I had thought we might at least hear the music of We Three Kings of Orient Are, even if we didn't sing it. Even though Mary Pat loves to hear me play the piano at home, she warned me not to try to do it in church. Can't you almost imagine it though:
O Star of wonder, star of night. Star with royal beauty bright. Westward leading, still proceeding. Guide us to thy Perfect Light.
For each of us, I suspect there is some music, perhaps smells, perhaps moments of déjà vu, that can transport us to a place that we don't see before us but where we recognize that we are in God's presence. The lights of Christmas. Glory and Wonder.
They still shine.
It is to each of us
It is to each of us, I think, to turn in whatever direction we need to turn, to smell the smells and sing the songs, that have the capacity to reveal to us the underlying glory.

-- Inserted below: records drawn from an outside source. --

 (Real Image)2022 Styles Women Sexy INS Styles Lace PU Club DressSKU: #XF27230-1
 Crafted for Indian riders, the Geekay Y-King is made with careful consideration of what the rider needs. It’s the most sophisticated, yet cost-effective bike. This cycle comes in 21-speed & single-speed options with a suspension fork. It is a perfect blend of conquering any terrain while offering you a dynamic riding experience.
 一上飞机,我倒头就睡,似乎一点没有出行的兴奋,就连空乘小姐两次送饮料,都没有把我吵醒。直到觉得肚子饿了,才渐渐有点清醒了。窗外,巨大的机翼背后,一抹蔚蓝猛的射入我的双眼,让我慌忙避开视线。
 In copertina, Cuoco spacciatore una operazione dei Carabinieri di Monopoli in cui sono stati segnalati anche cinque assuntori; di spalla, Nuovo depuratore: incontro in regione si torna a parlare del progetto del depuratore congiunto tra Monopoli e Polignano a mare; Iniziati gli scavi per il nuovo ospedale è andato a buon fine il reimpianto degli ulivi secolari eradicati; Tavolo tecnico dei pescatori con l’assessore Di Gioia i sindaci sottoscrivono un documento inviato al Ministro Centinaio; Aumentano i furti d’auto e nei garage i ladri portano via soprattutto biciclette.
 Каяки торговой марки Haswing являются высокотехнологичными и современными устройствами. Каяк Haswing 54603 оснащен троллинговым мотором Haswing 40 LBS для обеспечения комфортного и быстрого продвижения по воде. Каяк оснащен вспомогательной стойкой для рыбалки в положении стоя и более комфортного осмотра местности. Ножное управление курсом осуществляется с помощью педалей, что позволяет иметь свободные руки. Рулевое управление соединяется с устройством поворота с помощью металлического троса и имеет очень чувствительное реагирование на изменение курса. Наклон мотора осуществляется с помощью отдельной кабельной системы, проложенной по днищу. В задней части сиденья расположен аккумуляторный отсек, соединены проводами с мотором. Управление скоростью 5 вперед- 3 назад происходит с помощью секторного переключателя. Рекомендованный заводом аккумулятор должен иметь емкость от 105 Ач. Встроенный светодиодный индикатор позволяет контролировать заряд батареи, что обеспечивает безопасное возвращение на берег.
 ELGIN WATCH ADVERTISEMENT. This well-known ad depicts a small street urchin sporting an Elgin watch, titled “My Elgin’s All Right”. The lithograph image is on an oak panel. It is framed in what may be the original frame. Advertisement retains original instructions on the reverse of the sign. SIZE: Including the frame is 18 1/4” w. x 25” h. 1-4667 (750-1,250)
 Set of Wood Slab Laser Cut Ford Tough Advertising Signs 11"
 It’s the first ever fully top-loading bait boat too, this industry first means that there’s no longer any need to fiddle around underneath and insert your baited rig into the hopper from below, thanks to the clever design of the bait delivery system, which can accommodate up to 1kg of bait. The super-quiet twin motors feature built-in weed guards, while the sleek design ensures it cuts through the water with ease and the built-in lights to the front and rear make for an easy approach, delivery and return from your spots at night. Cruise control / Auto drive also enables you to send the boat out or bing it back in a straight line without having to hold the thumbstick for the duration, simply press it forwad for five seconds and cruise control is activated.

I pray that the God of our Lord Jesus Christ, the Father of glory, may give you a spirit of wisdom and revelation as you come to know him, so that, with the eyes of your heart enlightened, you may know what is the hope to which he has called you, what are the riches of his glorious inheritance among the saints, and what is the immeasurable greatness of his power for us who believe.

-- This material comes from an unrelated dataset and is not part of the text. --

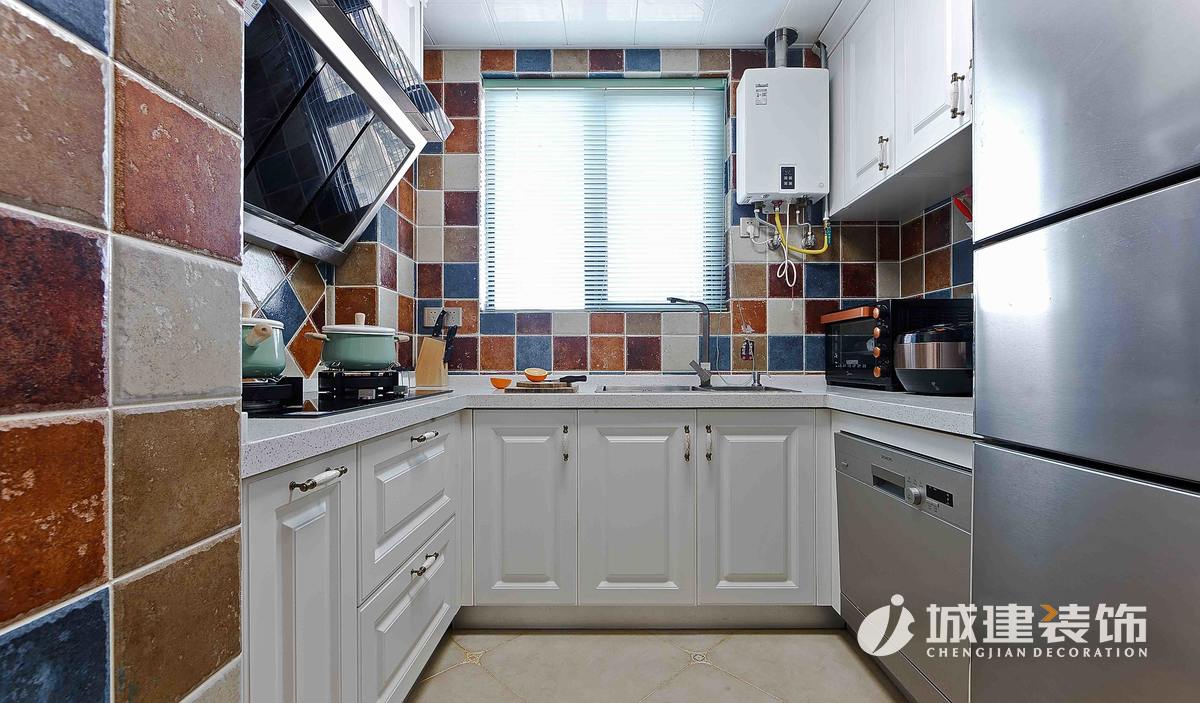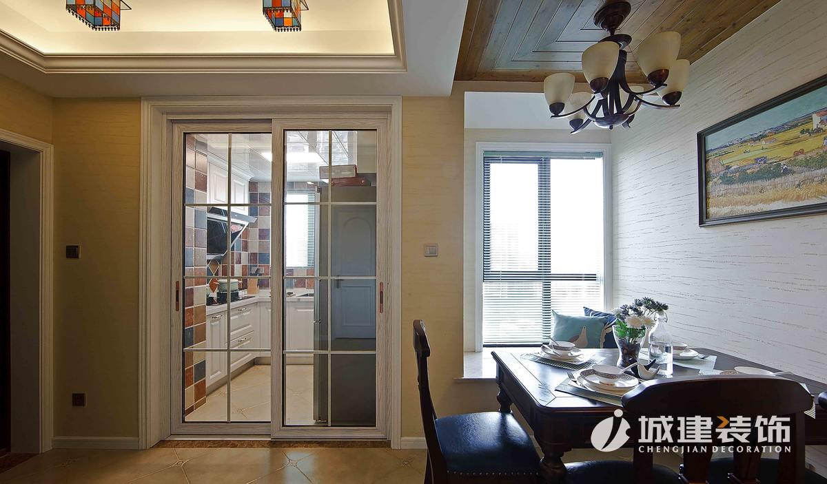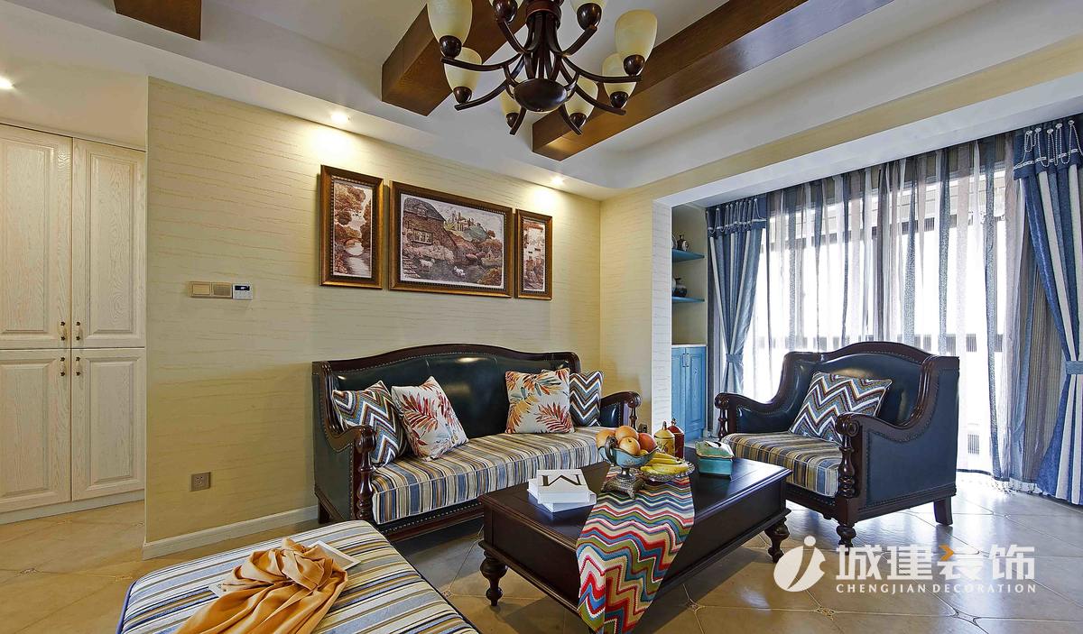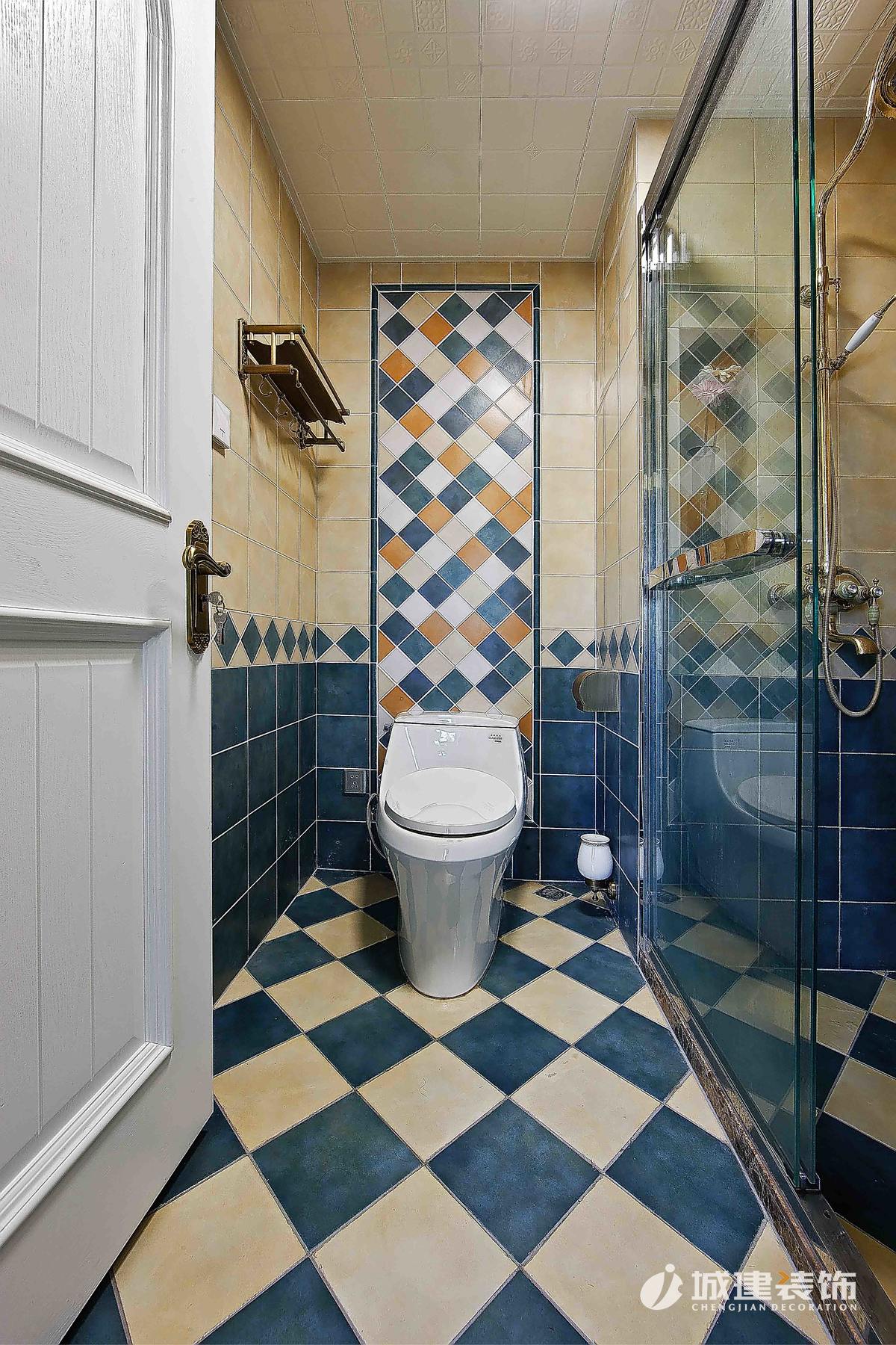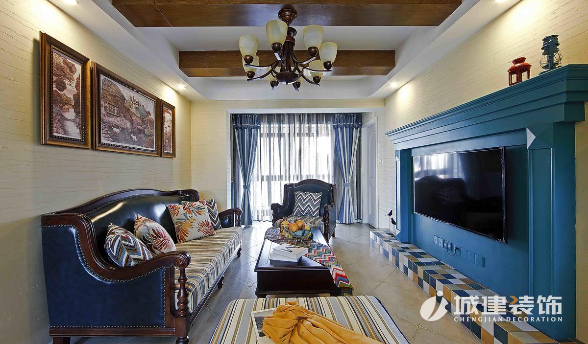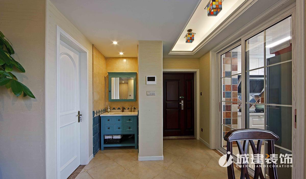 軟裝上色彩上以藍(lán)色為主,用了一些跳色來(lái)增加空間的靈動(dòng)感,材質(zhì)上選擇了皮木結(jié)合的家具多了一份沉穩(wěn)。燈具上選用了一些琉璃和古銅材質(zhì)的燈具,窗簾配色上還是以主色調(diào)藍(lán)色為主,淺色沙多了一分飄逸??蛷d地面的地磚以及衛(wèi)生間廚房仿古磚運(yùn)用了藍(lán)色與橙色撞色,在明亮的純色和強(qiáng)烈的撞色中,迸發(fā)出意想不到的魅力和效果。

It is to each of us then to shine the light which we have been given.
Under different circumstances, I might try to get the congregation to sing impromptu-style the children's spiritual: "This little light of mine."
1 This little light of mine,
I’m gonna let it shine.
This little light of mine,
I’m gonna let it shine.
This little light of mine,
I’m gonna let it shine,
let it shine, let it shine, oh let it shine.
2 Ev’rywhere I go,
...
3 Jesus gave it to me,
...
But we are living in a different set of circumstances. God calls each of us to shine where we are. To light a candle to reveal God's glory and majesty. Let it shine.